Javelin Strategy & Research is estimating that the Target credit card data breach will cost customers and companies $18.9 billion dollars. The vast majority of this loss with be the responsibility of Target. Other businesses like credit card companies, financial institutions and merchants will also end up losing money when the compromised cards are fraudulently used at their businesses. But customers aren’t going to escape unscathed. Javelin estimates that this breach will cost the 40 million customers affected some $4 billion in costs for items fraudulently charged to their cards (this doesn’t count indirect costs such as lost wages and additional costs to fight the fraud), or an average of $100 each.
The problem is that while $100 will be the average, some customers will end up paying much more than others to create that average. For those who quickly cancel and exchange their credit card, there should be no fraud costs and the indirect monetary costs should be relatively little compared to the time and aggravation (Javelin also estimates that the breach will cost those affected 3.25 hours of their time on average).
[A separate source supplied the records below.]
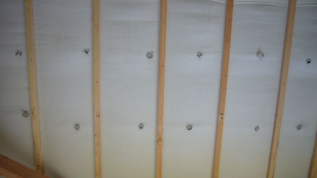 施工方法は、壁に開けた穴からホースで吹き込んでいくスタイル。
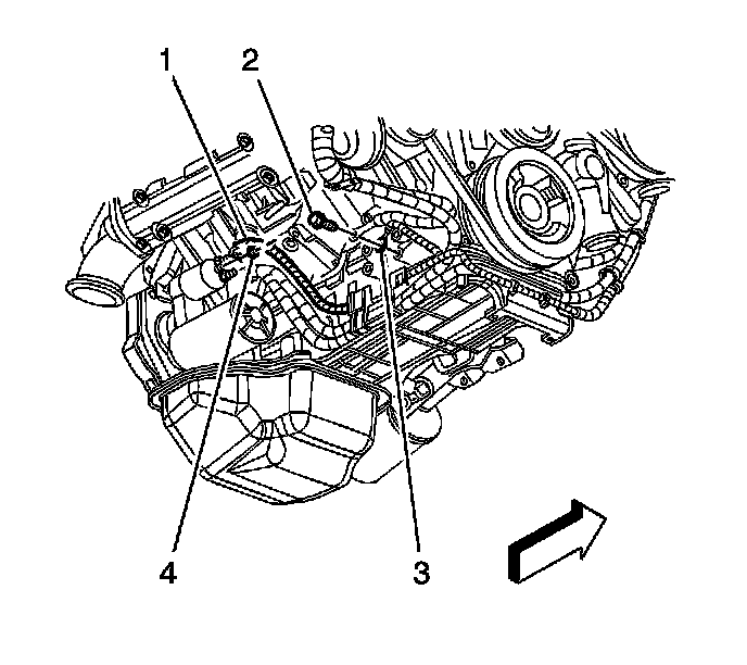 4. Remove the engine wiring harness nut (4).
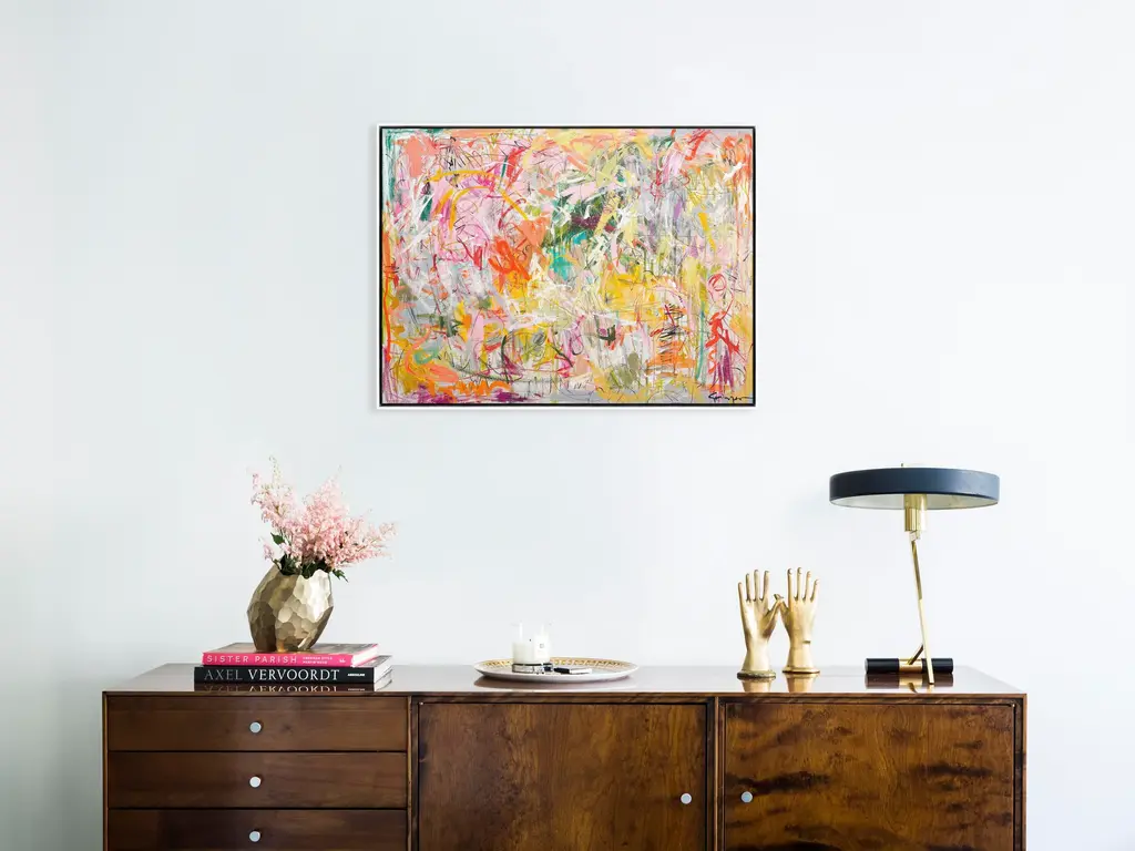 DESCRIPTION: Back to Life by Lesley Grainger in White Frame, XS SPECIFICATIONS: Type: Canvas Floater Framed. Framed Size (in): 36x27. Orientation: Horizontal. Flush/Float/Matted: Float. Frame Color: White. Hanging Hardware: Picture Perfect. FRAMING: Each art work arrives framed and ready to hang. We use handmade frames with a plexiglass glazing front, because it offers less glare than standard glass. At this time, we only offer framed prints. ARTIST BIO: Lesley Grainger was born in Yorkshire, England, where she grew up in a small Northern fishing town and currently resides in Orange County, California. She received a B.A. in Illustration and Design from the University of Lincoln. Early in her career, she worked as graphic designer and later began to produce children’s books and licensed artwork. For the last several years her main focus and passion has been abstract painting. She works intuitively and thoughtfully while discovering new and interesting colors and compositions. Painting is a reflection of experience and what Lesley has found is that each painting is translated to the next, like an ongoing story. Discovery is key in Lesley's expression, as she works with the canvas, adding and removing elements. This pushes her to new levels and brings a sense of how art can change the way we think, feel, and connect with the world.
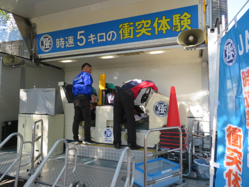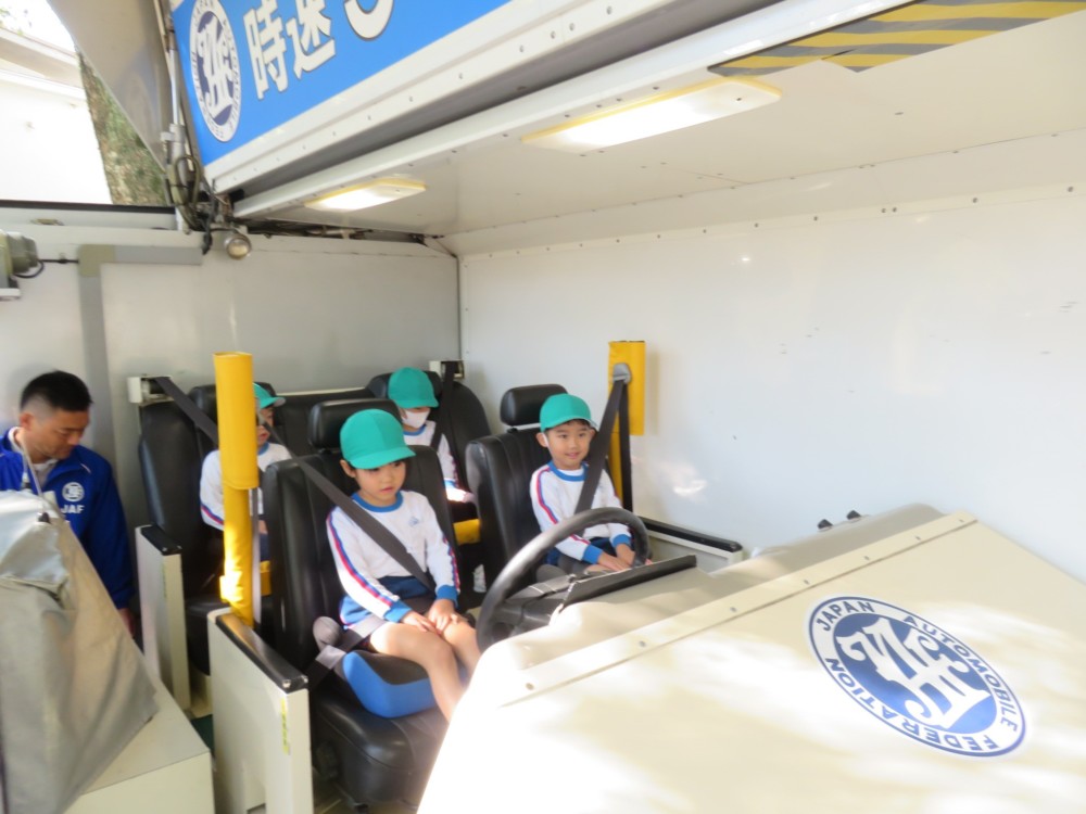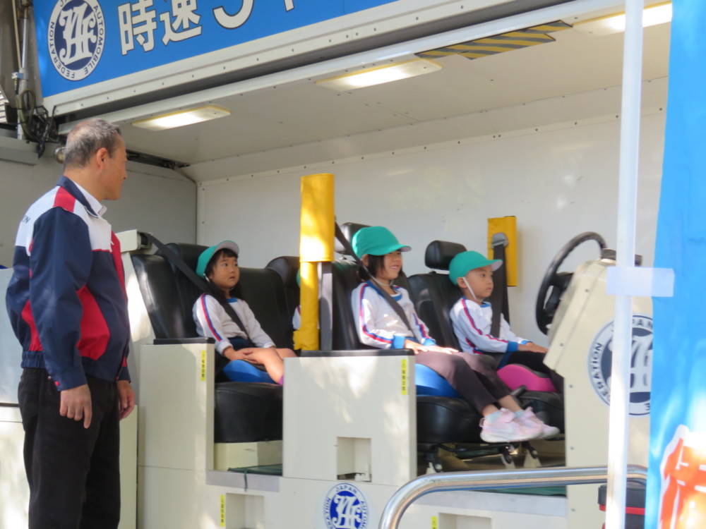 シートベルトをすることの大切さを話していただいた後に、時速5キロの衝突体験をしました。初めて体験した子どもたちは、みんなドキドキ!
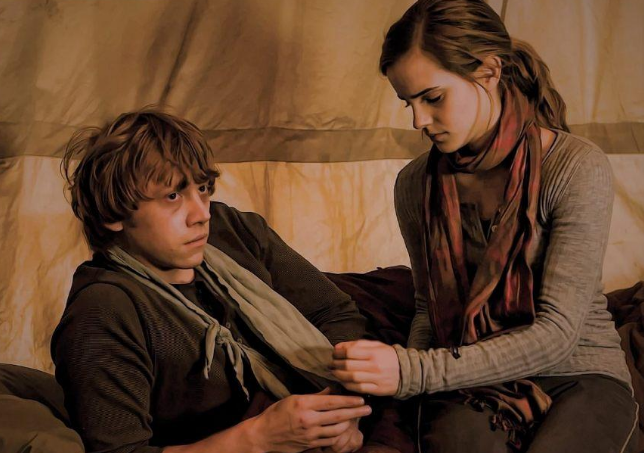 ,如上图所示,罗恩喜欢赫敏,但看起来赫敏在拥抱哈利后刚刚和罗恩握了手问题又回到了为什么赫敏选择了罗恩而不是哈利。显然,罗恩非常喜欢赫敏在《哈利·波特与密室》中,罗恩用一根断了的魔杖以光速诅咒了马尔福,当时拖哥被赫敏嘲笑并责骂她是个泥巴种。其次,从性格的角度来看,赫敏是坚强的一面,而罗恩觉得有点不知所措(在电影中),这种力量和弱点的结合也符合现实生活中的伴侣的感觉。与此同时,赫敏在四年级提出了一个小型权利促进和保护协会的概念。在第七次霍格沃茨战争中,罗恩第一个想到释放厨房里所有的小家伙。他记得赫敏想做什么。作为一个像小天狼星一样正派的巫师,他仍然按照传统奴役年轻人。罗恩来自一个巫师家庭,他对奴役有着深刻的理解,但是作为一个为他心爱的女人服务的男人,他可以放下他根深蒂固的想法去满足她,为她改变。这也是相对的。在魁地奇比赛中,罗恩为格兰芬多守门,但他担心自己做得不好。赫敏,一个非常有原则的女孩,秘密地使用干扰咒语来帮助罗恩保持门开着(后来被哈利发现了,并且讽刺地)就像一个人可以为他改变一样,这是世界上最浪漫的事情
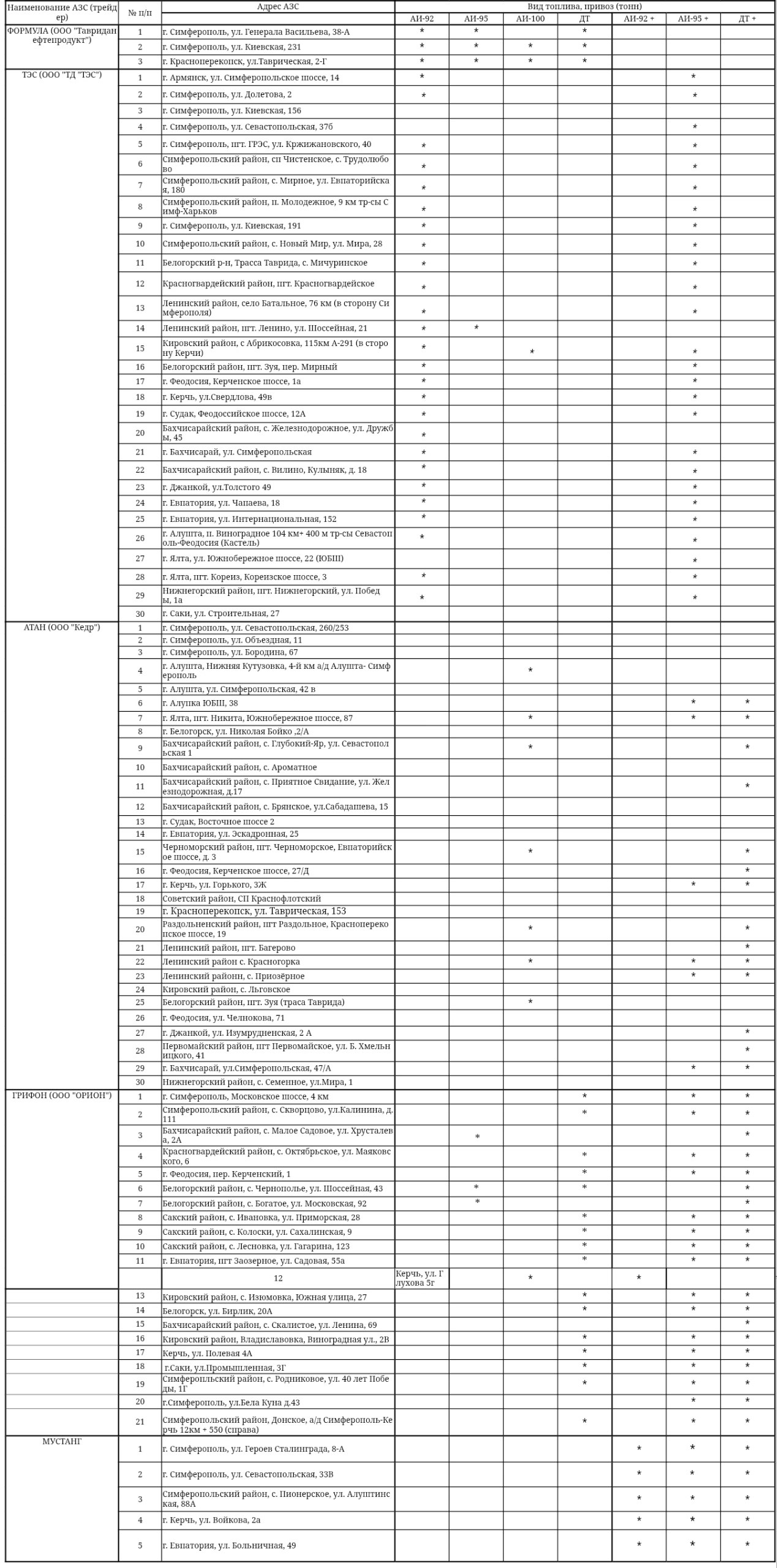 Перечень адресов АЗС обновляется ежедневно и доступен на официальных ресурсах: портале Правительства РК и Министерства топлива и энергетики РК.

In addition to the time, there could be costs such as getting a new card expressed mailed so that it can still be used for shopping during the holiday season, the cost of cell phone minutes used to cancel the card and to call other merchants to switch automatic payments, the cost of gas for a trip to the credit union to get a new debit card, and possibly some unexpected fees if the card was used for automatic payments that end up getting paid late as the switch between credit cards occurs. Add those with the time it takes to resolve the situation, and even those who end up never having their cards used for fraud still pay a significant price.
Those who don’t cancel their cards in time and do become a victim of fraud will end up spending a lot more. Javelin has found that while the average ID fraud loss amounts to just over $4,600, the out-of-pocket expenses for these consumers averages $631. While businesses end up paying for most, if not all, the cost of the fraud on the credit card, the customer still ends up spending a significant amount of money trying to get the fraud issues resolved. This can include time off of work filing police reports, contracting firms to help clear out fraudulent entries in credit reports, and even lawyer fees.
While it’s certainly inconvenient and it’ll take a little bit of time and money to resolve the issue, it’s far better to cancel and get a new card now (and it won’t hurt your credit score to do so), than to have to deal with the aftermath of your card being fraudulently used. Yes, Target and other companies will bear the vast majority of the cost of the items fraudulently purchased on your card, but that doesn’t mean that it “isn’t going to cost (you) anything.”